> _The problem_: Only the pictures stay out; please return all the entries below exactly as written.

--- The records Enclosed Below ---

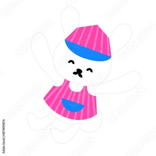 Animal skates. Bunny winter skater vector icon. Cute cartoon rabbit hare character ice figure skating isolated on white background. Doodle holiday card or new year, christmas postcard design
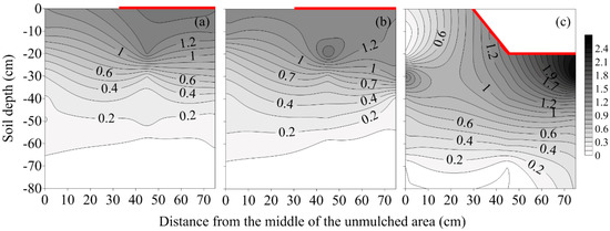Spatial distribution of soil water content showed an increasing trend with the increase of soil depth during the driest period for the three planting patterns (Figure 2a–c). Soil water content in the whole profile of RF was the highest (26.5%), and was 3.0% and 2.0% higher than that of F and MD, respectively. Moreover, soil water content of the 20–80 cm layer under the RF mulched was 11.4% higher than that of the unmulched area, while smaller differences were found for F (−3.1%) and MD (0.7%). The infiltration depth of F, MD, and RF was 30 cm, 30 cm, and 50 cm, respectively at 12 h after drip irrigation (Figure 3a–c). Soil water content of RF in the 0–30 cm layer was 5.1% and 5.0% higher at 120 h after drip irrigation than at 0 h (before drip irrigation) for F and MD, and soil water content in the 20–50 cm layer was 15.8% higher at 120 h after drip irrigation than at 0 h for RF.
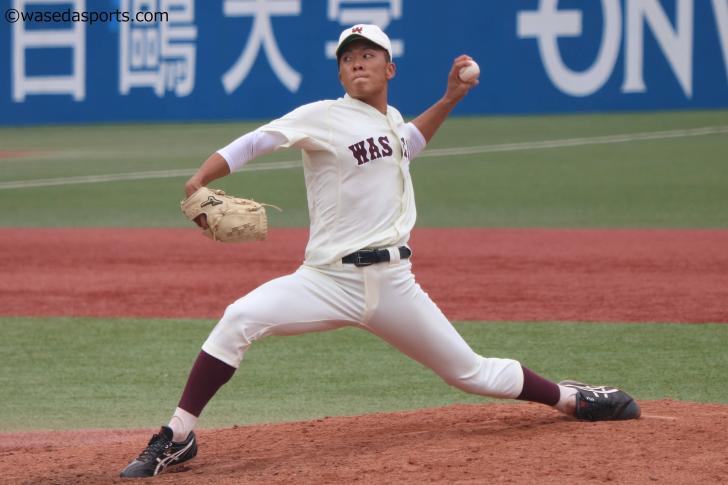 先発・早川は、150キロ前後の真っすぐと130キロ台後半のスライダー、さらには120キロ前後のカーブを駆使した緩急自在な投球を披露。変化球主体の組み立てを見せたかと思えば、力強い直球による三球勝負を行うなどして明大打線を全くと言っていいほど寄せ付けなかった。最終回に失点して完封こそは逃したものの、完投勝利を挙げただけでなく、奪三振数は驚愕の17個に達した。絶対的エースの貫禄の投球に、小宮山悟監督(平2教卒=千葉・芝浦工大柏)をして「前半終了時点で勝ちを確信した」と言わしめるほどだった。
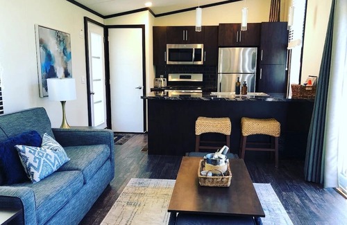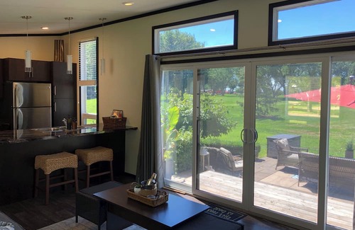 Everything provided, cottage is situated in a private resort on the 16th green of a premier public golf course. 1 bedroom and easily sleeps 4, including a sofa bed. Beautiful backyard includes patio with furniture, outdoor dinning, bbq & fire pit. Easy access to boat launch & wells, outdoor pool & playground. Minutes walk to Parkside Grille 5 star restaurant with lounge and live music. Enjoy scenic ecosystem of river & lake access to boat, fish, paddle on Lake St.Clair. Sandy beach nearby!.
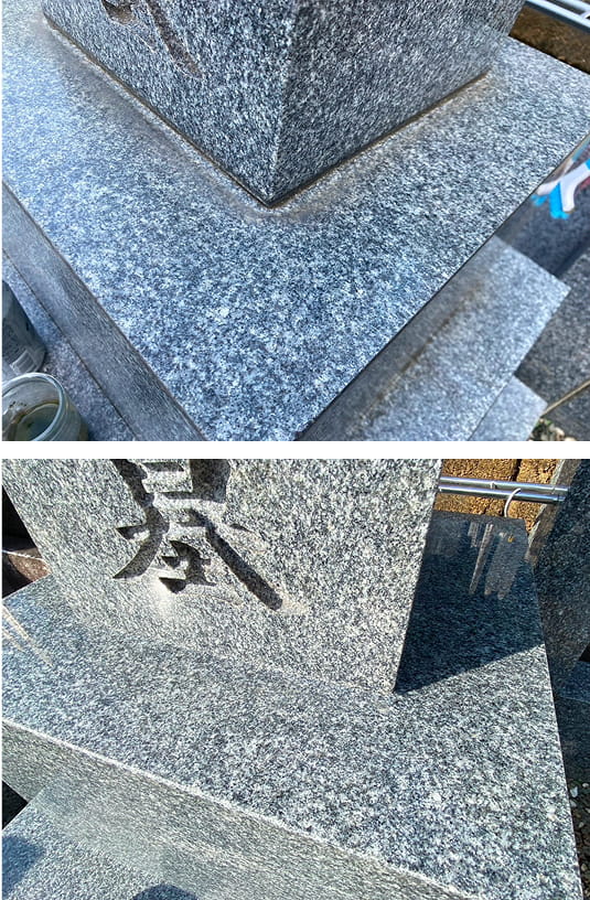 外部からの雨水の侵入を防ぎ、内部の水分は蒸発させることで、石を傷めず長持ちさせることができます。重機を用いないため、施工は短時間・低コストでのご提供が可能です。
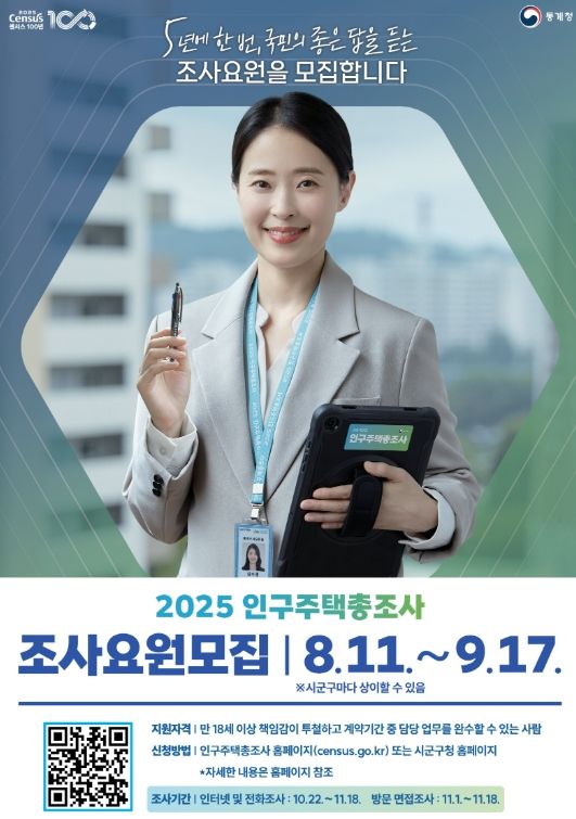 (도민방송=충남) 문성호기자 | 부여군이 ‘2025 인구주택총조사’ 업무를 수행할 조사요원을 모집한다고 18일 밝혔다.
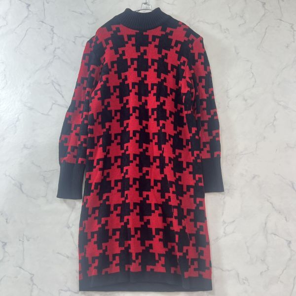 - 【L】 ジバンシィ 千鳥格子ニットワンピース ロング ハイゲージ リブ ウール レディース 赤 レッド GIVENCHY B1520
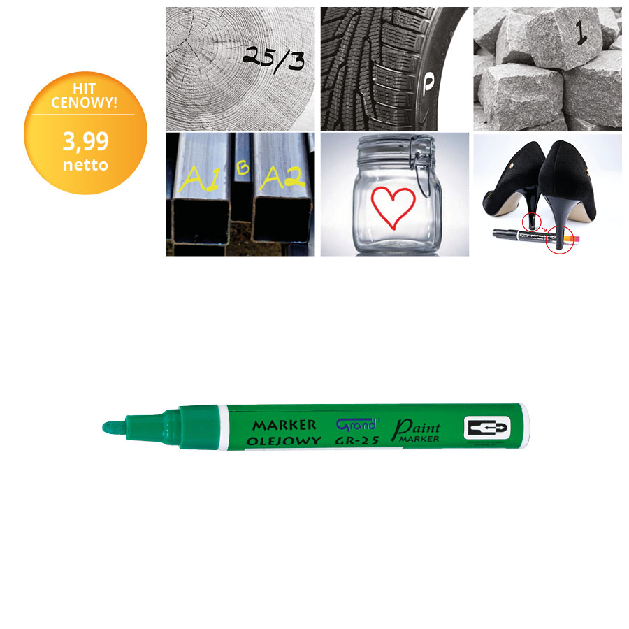 Marker olejowy GRAND GR-25, w kolorze zielonym, to narzędzie, które zapewnia trwałe oznaczenia na każdej powierzchni. Dzięki wodoodpornemu i szybkoschnącemu tuszowi, Twoje oznaczenia będą wyraźne i odporne na działanie wody.
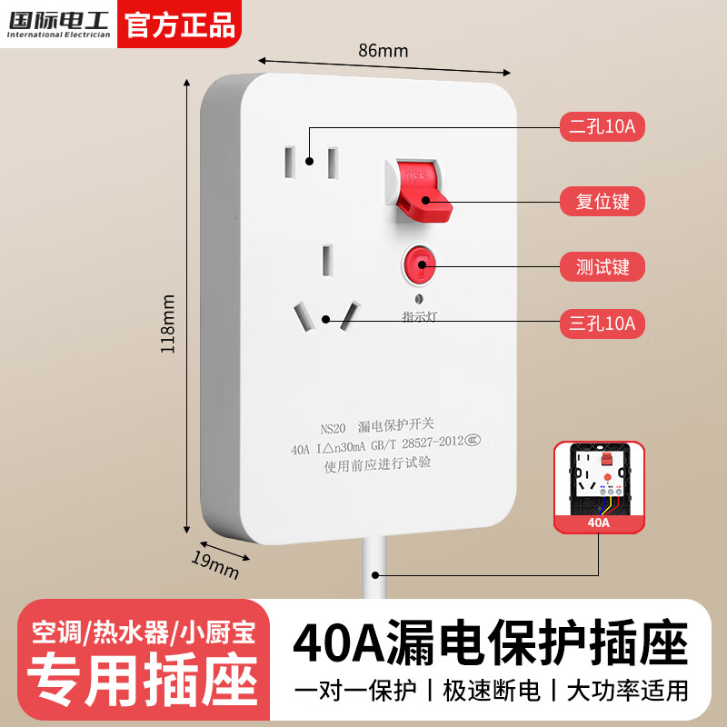 国际电工86型漏电保护器五孔插座40A大功率空调电热水器专用漏保插头开关 白色-五孔漏电保护开关【40A】
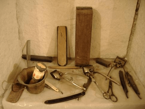 Τα κουρεία ήταν εγκατεστημένα κυρίως στις δύο πλευρές της εισόδου του Πάνω Παζαριού, στα Σκαλάκια της οδού Πανδρόσου που σώζονται ως τα σήμερα. Πετσέτες κυμάτιζαν σαν σημαίες στις πόρτες τους και τα βρωμικά νερά απ’ τα ξυρίσματα πετάγονταν βέβαια στο δρόμο. Οι Αθηναίοι ξυρίζονταν κυρίως τα Σαββατόβραδα, πληρώνοντας δέκα λεπτά. Δεκαπέντε λεπτά στοίχιζε το κούρεμα. Τα καλλυντικά ήταν ξίδι, ανθόνερο και μαντέκες από χοιρινό ξύγκι για τα μουστάκια και τα μαλλιά. Πίστευαν πως το λίπος δυναμώνει τις τρίχες, και τους χασάπηδες, που βρωμούσαν λίπος και μεδούλι απ’ τα σφαχτά, πηγή των καλλυντικών του τριχωτού μέρους του κεφαλιού τους, τους θαύμαζαν για τη δύναμη και τον ανδρισμό τους!

--- End of Enclosed The records ---

> _Result of this task_:
 Animal skates. Bunny winter skater vector icon. Cute cartoon rabbit hare character ice figure skating isolated on white background. Doodle holiday card or new year, christmas postcard design
Spatial distribution of soil water content showed an increasing trend with the increase of soil depth during the driest period for the three planting patterns (Figure 2a–c). Soil water content in the whole profile of RF was the highest (26.5%), and was 3.0% and 2.0% higher than that of F and MD, respectively. Moreover, soil water content of the 20–80 cm layer under the RF mulched was 11.4% higher than that of the unmulched area, while smaller differences were found for F (−3.1%) and MD (0.7%). The infiltration depth of F, MD, and RF was 30 cm, 30 cm, and 50 cm, respectively at 12 h after drip irrigation (Figure 3a–c). Soil water content of RF in the 0–30 cm layer was 5.1% and 5.0% higher at 120 h after drip irrigation than at 0 h (before drip irrigation) for F and MD, and soil water content in the 20–50 cm layer was 15.8% higher at 120 h after drip irrigation than at 0 h for RF.
 先発・早川は、150キロ前後の真っすぐと130キロ台後半のスライダー、さらには120キロ前後のカーブを駆使した緩急自在な投球を披露。変化球主体の組み立てを見せたかと思えば、力強い直球による三球勝負を行うなどして明大打線を全くと言っていいほど寄せ付けなかった。最終回に失点して完封こそは逃したものの、完投勝利を挙げただけでなく、奪三振数は驚愕の17個に達した。絶対的エースの貫禄の投球に、小宮山悟監督(平2教卒=千葉・芝浦工大柏)をして「前半終了時点で勝ちを確信した」と言わしめるほどだった。
 Everything provided, cottage is situated in a private resort on the 16th green of a premier public golf course. 1 bedroom and easily sleeps 4, including a sofa bed. Beautiful backyard includes patio with furniture, outdoor dinning, bbq & fire pit. Easy access to boat launch & wells, outdoor pool & playground. Minutes walk to Parkside Grille 5 star restaurant with lounge and live music. Enjoy scenic ecosystem of river & lake access to boat, fish, paddle on Lake St.Clair. Sandy beach nearby!.
 外部からの雨水の侵入を防ぎ、内部の水分は蒸発させることで、石を傷めず長持ちさせることができます。重機を用いないため、施工は短時間・低コストでのご提供が可能です。
 (도민방송=충남) 문성호기자 | 부여군이 ‘2025 인구주택총조사’ 업무를 수행할 조사요원을 모집한다고 18일 밝혔다.
 - 【L】 ジバンシィ 千鳥格子ニットワンピース ロング ハイゲージ リブ ウール レディース 赤 レッド GIVENCHY B1520
 Marker olejowy GRAND GR-25, w kolorze zielonym, to narzędzie, które zapewnia trwałe oznaczenia na każdej powierzchni. Dzięki wodoodpornemu i szybkoschnącemu tuszowi, Twoje oznaczenia będą wyraźne i odporne na działanie wody.
 国际电工86型漏电保护器五孔插座40A大功率空调电热水器专用漏保插头开关 白色-五孔漏电保护开关【40A】
 Τα κουρεία ήταν εγκατεστημένα κυρίως στις δύο πλευρές της εισόδου του Πάνω Παζαριού, στα Σκαλάκια της οδού Πανδρόσου που σώζονται ως τα σήμερα. Πετσέτες κυμάτιζαν σαν σημαίες στις πόρτες τους και τα βρωμικά νερά απ’ τα ξυρίσματα πετάγονταν βέβαια στο δρόμο. Οι Αθηναίοι ξυρίζονταν κυρίως τα Σαββατόβραδα, πληρώνοντας δέκα λεπτά. Δεκαπέντε λεπτά στοίχιζε το κούρεμα. Τα καλλυντικά ήταν ξίδι, ανθόνερο και μαντέκες από χοιρινό ξύγκι για τα μουστάκια και τα μαλλιά. Πίστευαν πως το λίπος δυναμώνει τις τρίχες, και τους χασάπηδες, που βρωμούσαν λίπος και μεδούλι απ’ τα σφαχτά, πηγή των καλλυντικών του τριχωτού μέρους του κεφαλιού τους, τους θαύμαζαν για τη δύναμη και τον ανδρισμό τους!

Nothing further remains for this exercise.